# Rear Parking Sensors



## SVStu (Dec 11, 2006)

Were there ever an option? Saw some on a blue MK1 in a Leeds car park and looked OEM equip.


----------



## mattshields2004 (Oct 24, 2008)

No, I dont believe they where an optional extra from audi.

Very easy to fit, took about an hour and they look quite discreet I think.


----------



## GEM (Jun 21, 2007)

Were on mine when I bought it. 
Small body coloured circle below each rear light cluster.
You can just about see one in this pre rear light tint pic.
John.


----------



## Charlie (Dec 15, 2006)

Normally they are a bit of a carbuncle, but they both look pretty ok to me, you could always get a V6 or QS valance and fit the sensors in that to avoid making holes in your bumper.

Charlie


----------



## T3RBO (Dec 9, 2003)

There are some pretty good ones about these days that make no holes etc

http://www.parkingdynamics.co.uk/Vehicl ... namics-PD1


----------



## peter-ss (Sep 3, 2008)

I tried one of those holeless types of parking sensors on my TT and it was hopeless.

Some objects, such as cars and people, it picked up but it didn't see wheelie bins until it was too late.

The best parking sensor I've used was a cheap set from eBay made by Cisbo; they cost less than £20 and were extremely reliable. They looked ok on my Mondeo but with a 21mm diameter hole size I feel they're a bit too big for the TT.

http://cgi.ebay.co.uk/Reversing-Parking ... 4ce9ce95d6

Does anyone know of any kits that are available with smaller sensors.


----------



## V6RUL (May 28, 2009)

They are a factory option but the car is sent to an installer.
Steve


----------



## Jen-TT (Feb 2, 2009)

I bought a set of ebay, was about 3 years ago when i had a celica and fitted them.
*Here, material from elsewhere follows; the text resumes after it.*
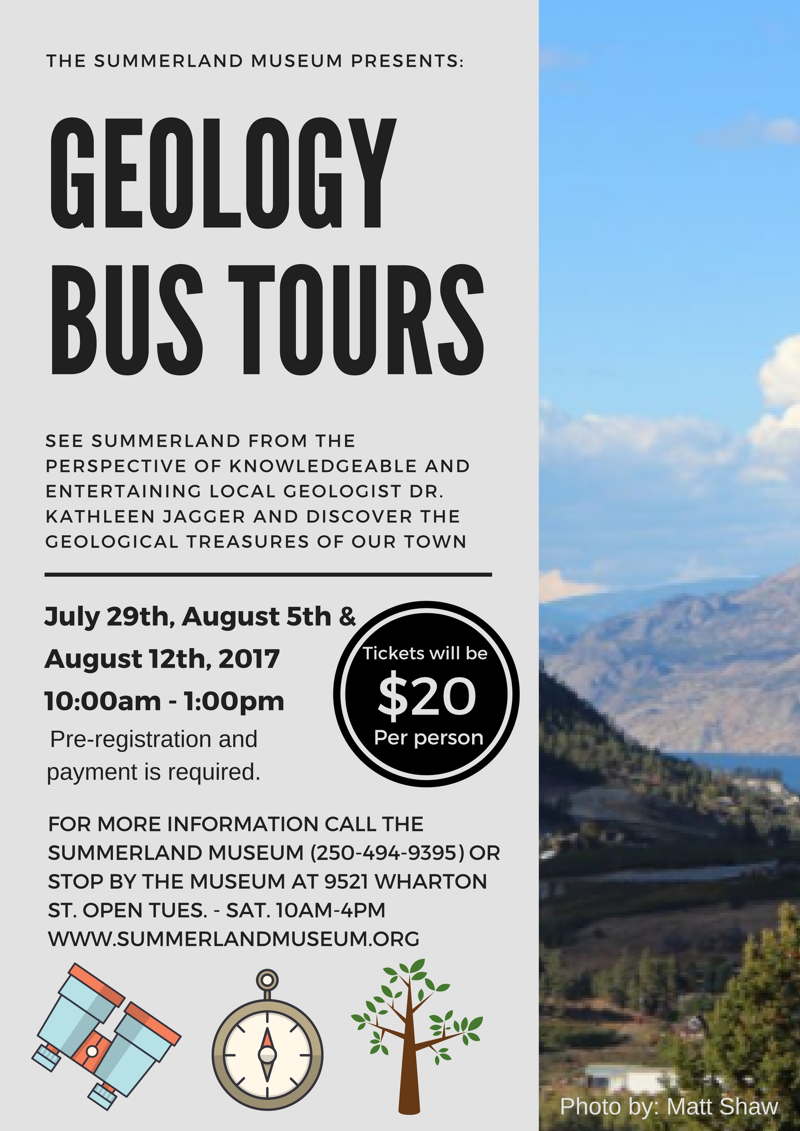 Looking for an educational and fun way to spend a Saturday this Summer? A way to see Summerland from a different perspective? On July 29, August 5 and August 12th, the Summerland Museum will once again be having Geology Bus Tours! Tours will be led by knowledgeable and entertaining local geologist Dr. Kathleen Jagger. Tour will include visiting various geological sites of Summerland via bus as well as a few short and very easy hikes. All ages welcome! Tickets are limited so be sure to stop by the museum and sign up!

Was a pretty good kit as i came with the exact size drill bit needed. Simply took the bumper drilled the holes, slotted the sensors in connected the wire to my reverse light. I also sprayed the sensors to match my car, worked perfectly! I can park properly now so i dont need them :lol:


----------



## leemanuel (Apr 5, 2010)

Hi all,

Im fitting sensors to my TT later this week - does anyone know the measurements to avoid the rear bar???
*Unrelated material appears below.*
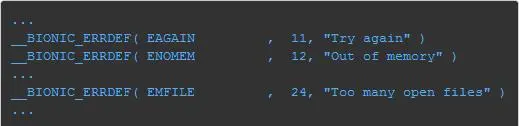 我们线上的OOM 一的错误信息"ashmem_create_region failed for 'indirect ref table': Too many open files",与此处打印的信息吻合。"Too many open files"的错误描述说明此处的 errno(系统全局错误标识)为 24(见图 [3-10] 系统错误定义 _errdefs.h)。由此看出我们线上的 OOM 一是由于文件描述符数目已满,ashmem_create_region 无法返回新的 FD 而导致的。

a guide of ......cm below light/numberplate would be a massive help


----------



## Jen-TT (Feb 2, 2009)

leemanuel said:


> Hi all,
> 
> Im fitting sensors to my TT later this week - does anyone know the measurements to avoid the rear bar???
> 
> a guide of ......cm below light/numberplate would be a massive help


your much better of taking off the rear bumper


----------



## ttsteve (Nov 1, 2007)

Personally I just back up, and when the car comes up against something hard, it stops and you know you're as far back as you can go, then just pull forwards a bit to leave a small gap.


----------



## Bago47 (Nov 27, 2011)

peter-ss said:


> I tried one of those holeless types of parking sensors on my TT and it was hopeless.
> 
> Some objects, such as cars and people, it picked up but it didn't see wheelie bins until it was too late.
> 
> ...


What about walls? I'm looking at buying this product http://www.ebay.com/itm/No-Drill-No-Hol ... 27cda2b9c0


----------



## Pugwash69 (Jun 12, 2012)

I sort of considered them myself but don't find the back end too hard to estimate now. The front end I'm crap at. I've put a block of wood on my driveway to I get close enough to the garage door for my wife to park behind. I have it one side only, so I know the steering wheel tugs to the side when I touch the tyre.


----------



## ExAudiSi (May 25, 2012)

I had a set of OEM style Cobra parking sensors fitted to SWMBO's TT just after Christmas. They are colour coded and are fitted from the rear of the bumper rather than the front. They look very neat and certainly better than the other type which would not look right on a TT bumper (in my opinion).


----------



## Jamesc (May 23, 2010)

Mine came with them and were on the original dealer receipt in the the rest of the optional extras the car came with.


----------



## peter-ss (Sep 3, 2008)

Bago47 said:


> peter-ss said:
> 
> 
> > I tried one of those holeless types of parking sensors on my TT and it was hopeless.
> ...


The failure with the wheelie bin was enough to put me off - I didn't try it on walls after that!


----------



## NtG (Jan 2, 2018)

refreshing an old topic but since then maybe there has been better versions.
any good and reliable rear parking sensors?


----------



## silkman (Jul 29, 2004)

I've never fitted any parking sensors because the part that goes in the cabin always look cheap, typical chinese gizmo.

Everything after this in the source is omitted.